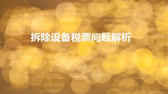 拆除设备税票问题解析
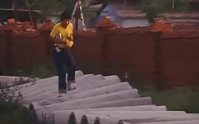 《父与子》中,儿子拿着父亲给自己买参考书的钱去买一堆零食,他怀里抱着吃的,去见心仪女生的路上,嘴里啦啦着唱歌,在一排空心的水泥管上跑着、跳着,肩膀也一耸一耸的,不禁让人发笑。
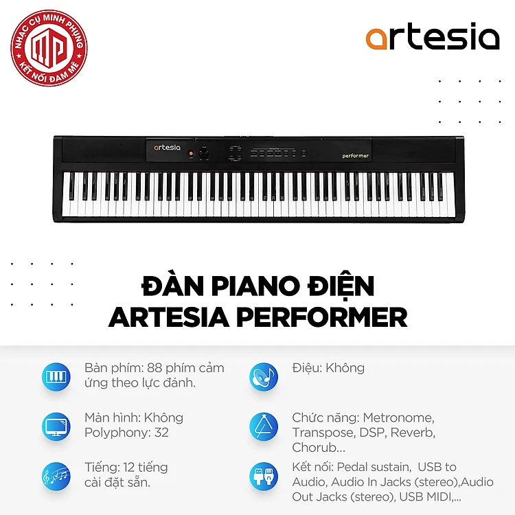 Artersia Performer là một trong những sản phẩm thuộc phân khúc tầm trung của thương hiệu Artesia (Mỹ) dành cho người chơi ở mọi trình độ từ mới bắt đầu học cho đến nhạc sĩ chuyên nghiệp. Với mức giá chỉ hơn 5 triệu đồng nhưng Artesia Performer sở hữu âm thanh chất lượng cao và đầy đủ các chức năng hỗ trợ mạnh mẽ cho việc luyện tập và biểu diễn. Bên cạnh đó, Đàn Piano Điện Artesia Performer được thiết kế đẹp mắt, thanh lịch và gọn nhẹ, hoàn hảo cho việc di chuyển. Giờ đây bạn có thể tận hưởng âm nhạc không giới hạn ở bất cứ nơi đâu bạn thích: ở nhà, ở trường học, đi picnic cùng bạn bè hay địa điểm biểu diễ
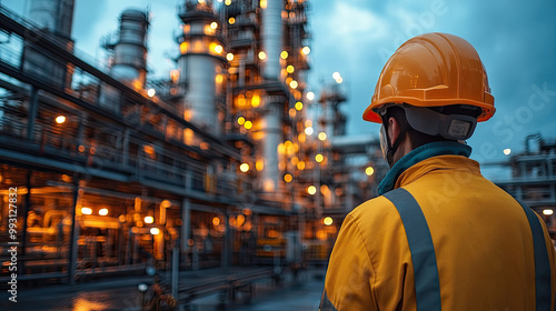 A safety worker in protective gear watches the operations of a bustling industrial facility as dusk falls, with lights illuminating the scene
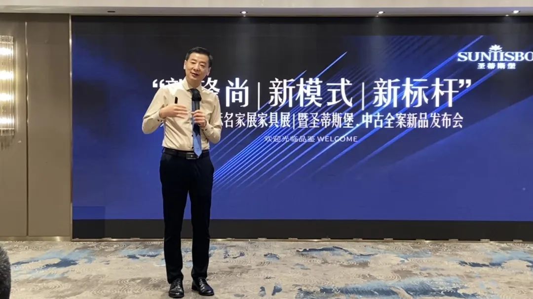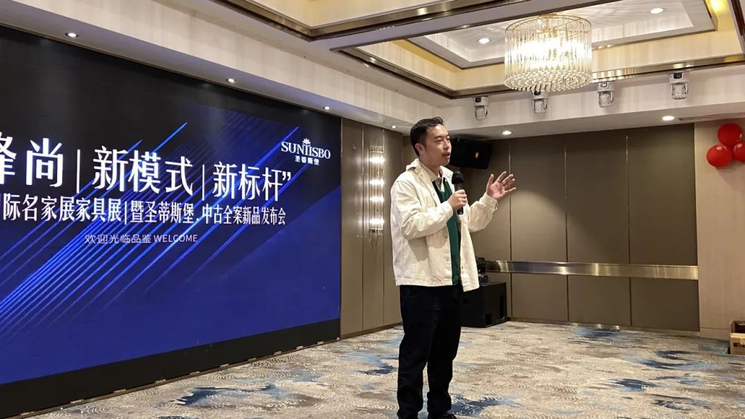 接下来,九游工业营销部副经理吴天喜先生为我们重磅揭晓了2025春季新品中古全案系列和新古典全案升级新品,他从选材、设计、风格、工艺等方面进行了全面的讲解,并提到此次中古新品的全案模式是以更具设计感的创新方式,给予消费者整体性的体验感升级,助力大家在激烈的市场竞争中,突显差异化的优势,实现业绩的飞跃式增长。
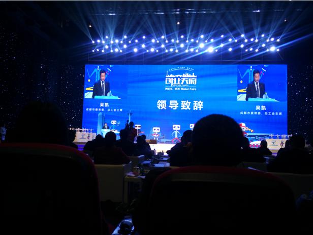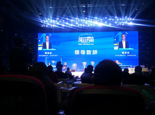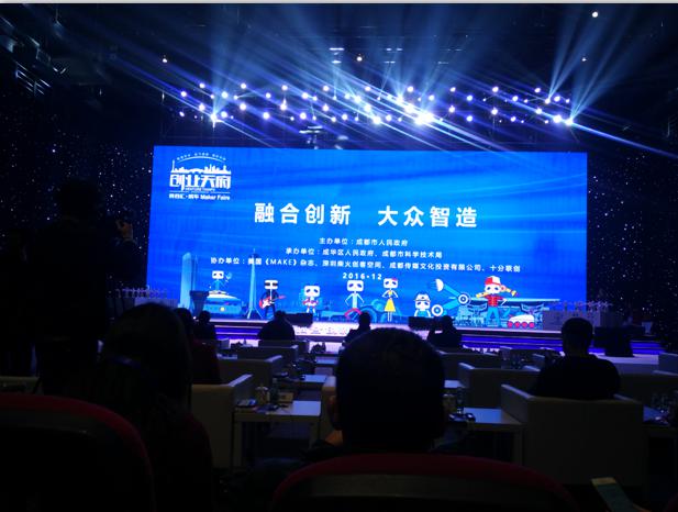 2016年12月2日上午9点,我司受邀参加由成都市人民政府主办,成华区人民政府、成都市科学技术局联合承办的“融合创新、大众智造”创新创业大会。市委常委、市总工会主席吴凯,市委副秘书长易恩弟,市政府副秘书长杨羽,市科技局局长卢铁城,成华区委副书记、代区长蒲发友等领导出席活动;《Make》杂志创始人(美国)Dale Dougherty,创客教育推手(美国)Michael Shiloh,生活艺术大师(美国)Judy Castro,科技时尚造型师(加拿大)Shannon Hoover,创客社区达人(日本)Masakazu Takasu,成都理工大学副校长郭朝辉,Seeed科技/柴火创客空间创始人潘昊,深圳摩伦科技有限公司总经理魏章平等嘉宾参加活动。大会围绕“融合创新、大众智造”主题,展示最新创新创业成果,分享国内外前沿创新理念,交流创业体会和经验。

--------------------------------------------------

Return the entries verbatim without images.

 拆除设备税票问题解析
 《父与子》中,儿子拿着父亲给自己买参考书的钱去买一堆零食,他怀里抱着吃的,去见心仪女生的路上,嘴里啦啦着唱歌,在一排空心的水泥管上跑着、跳着,肩膀也一耸一耸的,不禁让人发笑。
 Artersia Performer là một trong những sản phẩm thuộc phân khúc tầm trung của thương hiệu Artesia (Mỹ) dành cho người chơi ở mọi trình độ từ mới bắt đầu học cho đến nhạc sĩ chuyên nghiệp. Với mức giá chỉ hơn 5 triệu đồng nhưng Artesia Performer sở hữu âm thanh chất lượng cao và đầy đủ các chức năng hỗ trợ mạnh mẽ cho việc luyện tập và biểu diễn. Bên cạnh đó, Đàn Piano Điện Artesia Performer được thiết kế đẹp mắt, thanh lịch và gọn nhẹ, hoàn hảo cho việc di chuyển. Giờ đây bạn có thể tận hưởng âm nhạc không giới hạn ở bất cứ nơi đâu bạn thích: ở nhà, ở trường học, đi picnic cùng bạn bè hay địa điểm biểu diễ
 A safety worker in protective gear watches the operations of a bustling industrial facility as dusk falls, with lights illuminating the scene
 接下来,九游工业营销部副经理吴天喜先生为我们重磅揭晓了2025春季新品中古全案系列和新古典全案升级新品,他从选材、设计、风格、工艺等方面进行了全面的讲解,并提到此次中古新品的全案模式是以更具设计感的创新方式,给予消费者整体性的体验感升级,助力大家在激烈的市场竞争中,突显差异化的优势,实现业绩的飞跃式增长。
 2016年12月2日上午9点,我司受邀参加由成都市人民政府主办,成华区人民政府、成都市科学技术局联合承办的“融合创新、大众智造”创新创业大会。市委常委、市总工会主席吴凯,市委副秘书长易恩弟,市政府副秘书长杨羽,市科技局局长卢铁城,成华区委副书记、代区长蒲发友等领导出席活动;《Make》杂志创始人(美国)Dale Dougherty,创客教育推手(美国)Michael Shiloh,生活艺术大师(美国)Judy Castro,科技时尚造型师(加拿大)Shannon Hoover,创客社区达人(日本)Masakazu Takasu,成都理工大学副校长郭朝辉,Seeed科技/柴火创客空间创始人潘昊,深圳摩伦科技有限公司总经理魏章平等嘉宾参加活动。大会围绕“融合创新、大众智造”主题,展示最新创新创业成果,分享国内外前沿创新理念,交流创业体会和经验。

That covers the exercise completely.